WHAT IS BEING ASKED: Give the listing again character for character, but drop the images.

ENTRIES SUPPLIED:

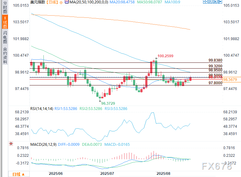 汇通财经APP讯——周四(8月21日),好意思元指数(DXY)继续涨势,盘中高潮0.46%至98.673,连合第二个交游日收于50日通俗出动平均线(98.100)上方。这一走势印证了近期好意思元指数的技巧面强势,且使该指数距离99.177-99.320的要害阻力区间仅一步之遥。当今,交游员正暖和好意思联储主席鲍威尔周五在杰克逊霍尔会议上的言语,以期获得对于好意思联储下一步利率步履的信号。
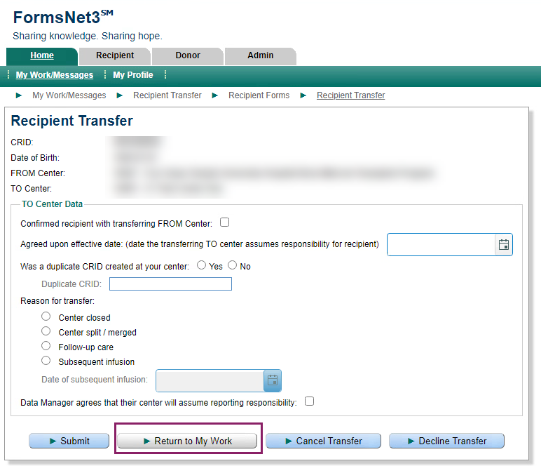 If the user has opened the transfer request and is not ready to complete the questions, select the ‘Return to My Work’ button. If any data has been entered and the ‘Return to My Work’ button is selected, the data will not be saved.
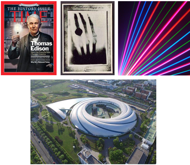 (1)爱迪生和电光源;(2)伦琴和X射线;(3)激光;(4)SSRF
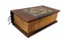 Французька складова палітурка ручної роботи виконана з комбінації натуральної шкіри (шкіра «Robbat blue», шкіра «Crocozombo» виробництва італійської шкіряної фабрики «Benericetti»). Обкладинка книги дворівнева, оформлена рельєфним золотим тисненням (використано фольгу «Luxor 240»). Обріз книги оформлений в унікальній техніці «Хамелеон» із використанням сусального золота.
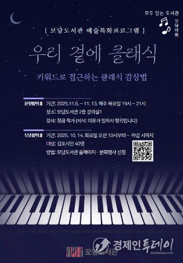 경제인투데이 류현민 기자 | 김포시 모담도서관은 클래식을 주제로 11월 6일부터 13일까지 매주 목요일 오후 7시부터 9시까지 특별 강연을 운영한다.
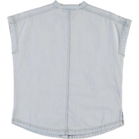 Rae is an oversized, sleeveless denim shirt in light blue. It has front pockets and button closure.
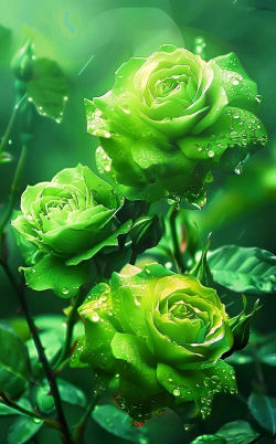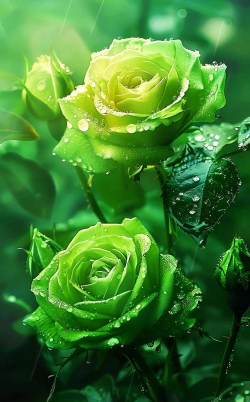 绿玫瑰自然品种如“绿萼”或转基因培育的绿玫瑰,花瓣呈豆绿色,边缘可能带白或淡黄。传统品种“绿星”由中国培育,花色特异且耐开。

TASK SOLUTION:
 汇通财经APP讯——周四(8月21日),好意思元指数(DXY)继续涨势,盘中高潮0.46%至98.673,连合第二个交游日收于50日通俗出动平均线(98.100)上方。这一走势印证了近期好意思元指数的技巧面强势,且使该指数距离99.177-99.320的要害阻力区间仅一步之遥。当今,交游员正暖和好意思联储主席鲍威尔周五在杰克逊霍尔会议上的言语,以期获得对于好意思联储下一步利率步履的信号。
 If the user has opened the transfer request and is not ready to complete the questions, select the ‘Return to My Work’ button. If any data has been entered and the ‘Return to My Work’ button is selected, the data will not be saved.
 (1)爱迪生和电光源;(2)伦琴和X射线;(3)激光;(4)SSRF
 Французька складова палітурка ручної роботи виконана з комбінації натуральної шкіри (шкіра «Robbat blue», шкіра «Crocozombo» виробництва італійської шкіряної фабрики «Benericetti»). Обкладинка книги дворівнева, оформлена рельєфним золотим тисненням (використано фольгу «Luxor 240»). Обріз книги оформлений в унікальній техніці «Хамелеон» із використанням сусального золота.
 경제인투데이 류현민 기자 | 김포시 모담도서관은 클래식을 주제로 11월 6일부터 13일까지 매주 목요일 오후 7시부터 9시까지 특별 강연을 운영한다.
 Rae is an oversized, sleeveless denim shirt in light blue. It has front pockets and button closure.
 绿玫瑰自然品种如“绿萼”或转基因培育的绿玫瑰,花瓣呈豆绿色,边缘可能带白或淡黄。传统品种“绿星”由中国培育,花色特异且耐开。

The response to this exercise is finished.